= Arthur Jolliffe =

British mathematician

Arthur Ernest Jolliffe (23 January 1871 - 17 March 1944) was a British mathematician.

==Life==
Arthur Ernest Jolliffe was born at 39 Cardigan Street in the Jericho area of Oxford on 23 January 1871, the youngest son of Henry Jolliffe and Anne Speller. His father, who was a house painter, died just after Arthur's fifth birthday, and his mother went out to service: in 1881 when she was aged 50 she was working for a lady at 11 Warnborough Road in north Oxford, and Arthur lived with her there.

He was educated at the City of Oxford School and Balliol College, Oxford, gaining a First in Mathematics in 1891. He was a fellow of Corpus Christi College, Oxford, from 1891 to 1920, and was also an assistant tutor at Jesus College, Oxford, from 1903 to 1920. He was then appointed as Professor of Mathematics at the University of London, retiring in 1936. He was made an Honorary Fellow of Corpus Christi College in 1931 and of Jesus College in 1934. For many years he was an external examiner in mathematical physics for the National University of Ireland (NUI).

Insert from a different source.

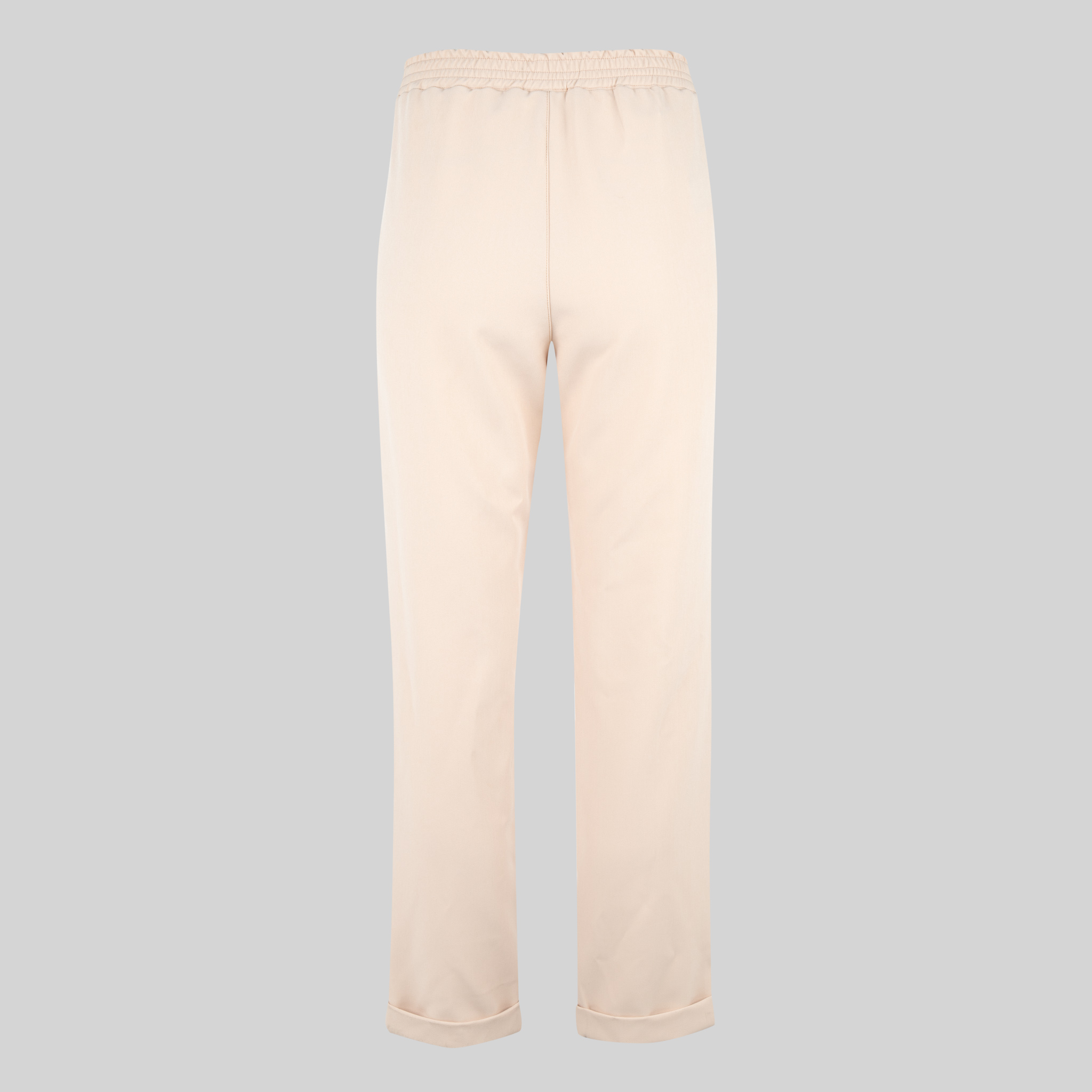 Su cintura trasera con goma proporciona un ajuste cómodo y flexible, permitiendo una adaptación perfecta al cuerpo sin comprometer la elegancia. Las pinzas en el delantero estilizan la figura, mientras que el bajo vuelto añade un toque moderno y sofisticado al conjunto.

He was known more for the high quality of his teaching than for mathematical research. However, one of his papers, on uniform convergence of trigonometric series, remains well cited. He was also a contributor to the Encyclopædia Britannica.

On 1 July 1899 at
St Paul's Church, Oxford he married Eliza Ostler of 14 Walton Crescent, the daughter of the tailor James Ostler, and they had three children.

Jolliffe died on 17 March 1944 in Oxford, and was buried in St Sepulchre's Cemetery, Walton Street.